* _TASK ITEM_:
Write again exactly the lines in the listing below, starting at the line with "프로젝트 생성은 모든" and ending at the line with "The ratings from", both included. Pictures are not copied.

* _DATASET EXTRACT_:
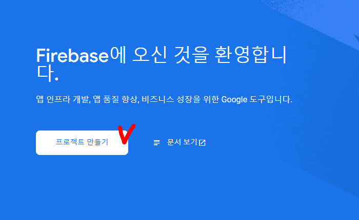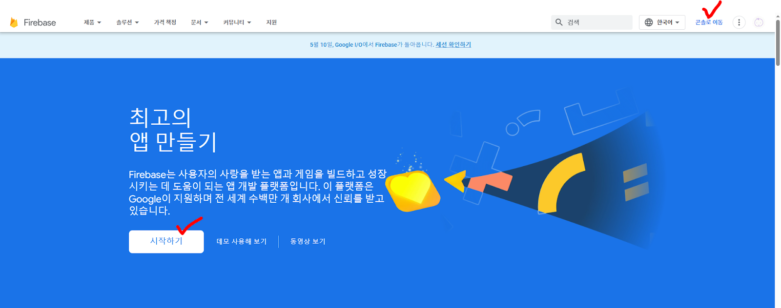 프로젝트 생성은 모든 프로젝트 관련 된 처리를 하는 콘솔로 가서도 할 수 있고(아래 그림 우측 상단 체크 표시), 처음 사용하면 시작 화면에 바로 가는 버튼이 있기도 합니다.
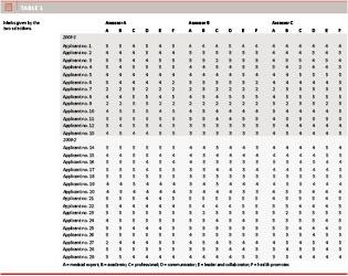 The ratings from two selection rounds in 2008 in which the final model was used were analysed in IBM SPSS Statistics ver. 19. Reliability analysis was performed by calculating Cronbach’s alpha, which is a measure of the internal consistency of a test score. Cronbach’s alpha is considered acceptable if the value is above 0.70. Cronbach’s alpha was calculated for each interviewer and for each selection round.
==
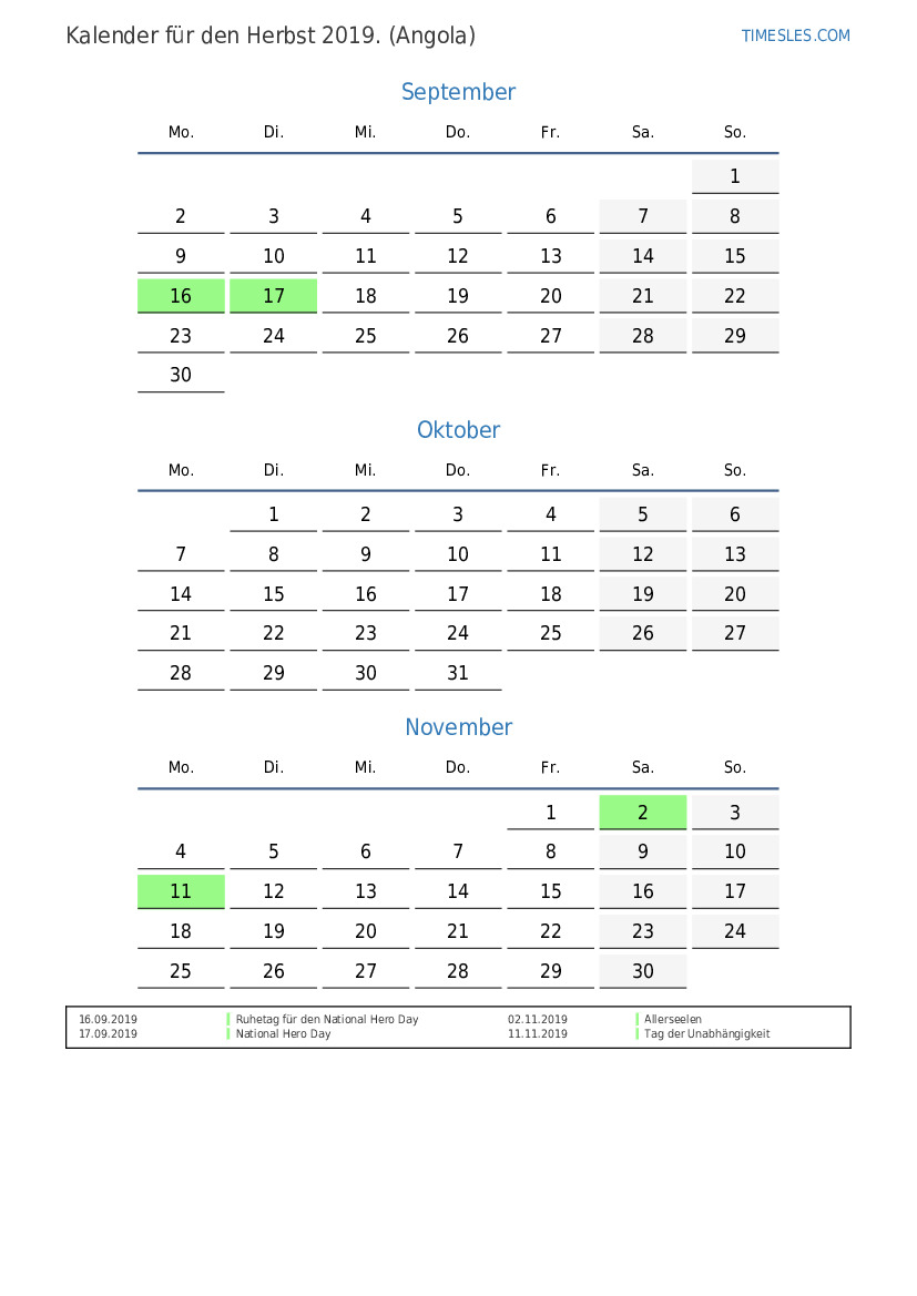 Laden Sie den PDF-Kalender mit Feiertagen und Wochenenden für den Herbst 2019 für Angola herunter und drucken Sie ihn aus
--
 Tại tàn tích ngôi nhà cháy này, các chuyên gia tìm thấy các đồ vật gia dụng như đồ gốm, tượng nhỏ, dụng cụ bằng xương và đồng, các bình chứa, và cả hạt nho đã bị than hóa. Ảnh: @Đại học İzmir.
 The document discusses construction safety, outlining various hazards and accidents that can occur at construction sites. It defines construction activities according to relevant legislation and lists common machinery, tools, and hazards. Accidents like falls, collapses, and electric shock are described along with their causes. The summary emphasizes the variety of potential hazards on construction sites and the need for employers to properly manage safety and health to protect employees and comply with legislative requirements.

* _SOLUTION FOR THIS EXERCISE_:
 프로젝트 생성은 모든 프로젝트 관련 된 처리를 하는 콘솔로 가서도 할 수 있고(아래 그림 우측 상단 체크 표시), 처음 사용하면 시작 화면에 바로 가는 버튼이 있기도 합니다.
 The ratings from two selection rounds in 2008 in which the final model was used were analysed in IBM SPSS Statistics ver. 19. Reliability analysis was performed by calculating Cronbach’s alpha, which is a measure of the internal consistency of a test score. Cronbach’s alpha is considered acceptable if the value is above 0.70. Cronbach’s alpha was calculated for each interviewer and for each selection round.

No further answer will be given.